Why decentralization?
Decentralization can be summarized as the absence of a single point of failure within a system. This multifaceted concept involves multiple aspects, including token distribution, influence of key individuals, participation in permissionless networks, development control, and software/hardware diversity. Aside from Balaji’s Satoshi coefficient, there are few universally accepted standards for quantifying the degree of decentralization of a blockchain. Many of the metrics are imperfect. Furthermore, discussions around blockchain decentralization are often rooted in political philosophy, sparking deep ideological debates that sometimes border on religious debate.

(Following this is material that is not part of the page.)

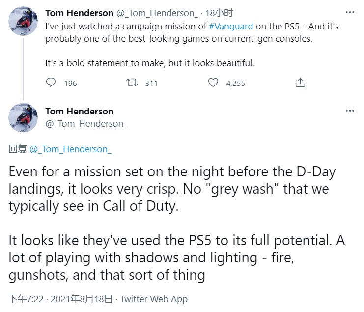 COD 最新作《使命召唤 18:先锋》可以说是备受期待的 FPS 之一,近日,据知名爆料人 Tom Henderson 在Twitter上爆料的消息,《使命召唤 18: 先锋》发挥了 PS5 的全部潜力,可以说是当前主机上画面最棒的游戏之一。
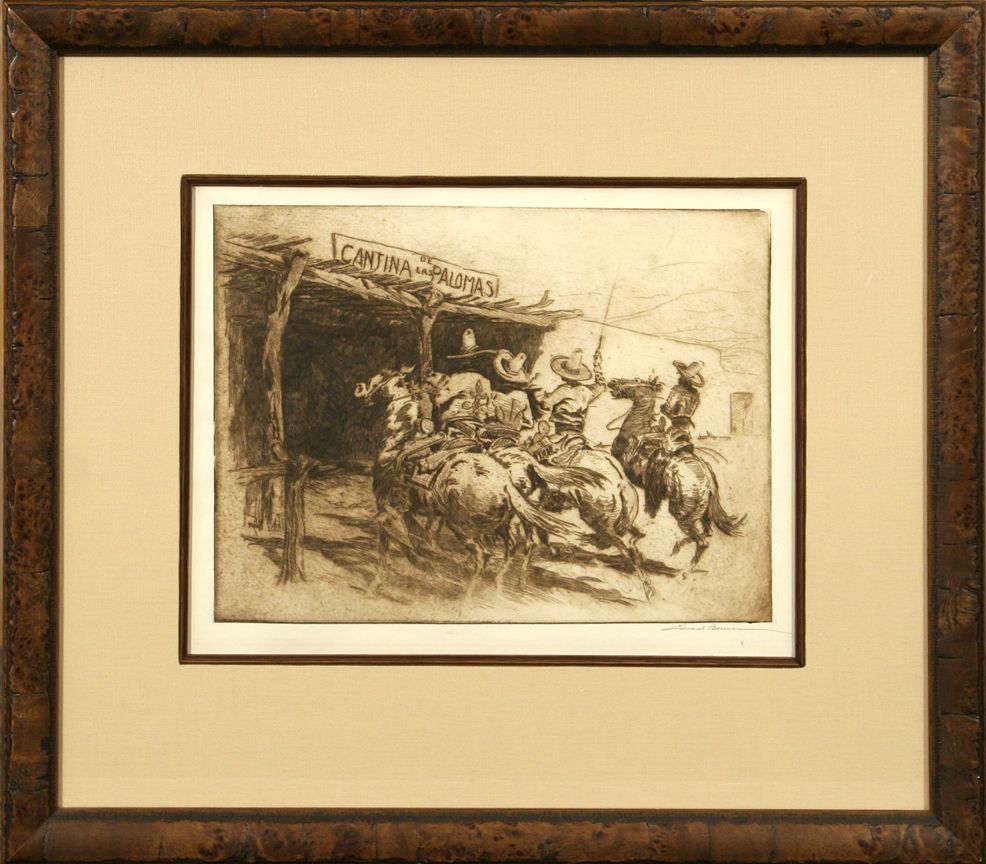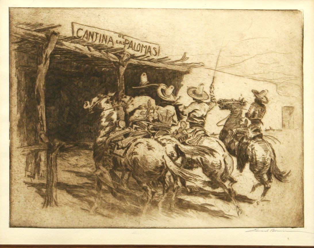 Edward Borein (1872 - 1945). La Cantina de Las Palomas, No. 2. 9" x 11.875" etching. Pencil signed lower right: Edward Borein. #271 The Etchings of Edward Borein by John Galvin. Condition reports can be viewed at www.marchinmontana.com/docs/2013CR.pdf

Solana’s level of decentralization has been criticized by some in the blockchain community, who believe that Solana lacks decentralization and censorship resistance. A recent example is former NSA whistleblower Edward Snowden, who expressed his concerns during his keynote speech at the Token2049 conference.
However, like many of Solana’s critics, Snowden did not provide any data to back up his claims, despite being publicly invited to do so. In the following sections of this article, we will analyze Solana’s decentralization with data, highlighting where the network demonstrates relatively strong decentralization while pointing out areas where further progress is needed.
Decentralization at all levels
Through this report, we will take a quantitative and multifaceted approach to analyzing Solana’s decentralization, based on facts and publicly verifiable information.
We will assess the following:
- Staking Distribution
- Geographical distribution of nodes
- Diversity of hosting providers
- Diversity of client software
- Diversity of developers
- Governance Processes and Entities
When appropriate, we will compare Solana’s metrics to other PoS L1s. To be clear, peer networks serve only as benchmarks to provide broader context for Solana’s decentralization journey and highlight areas where it may be lagging or exceeding expectations. These comparisons should not be misinterpreted as an attempt to claim that one network is superior to another.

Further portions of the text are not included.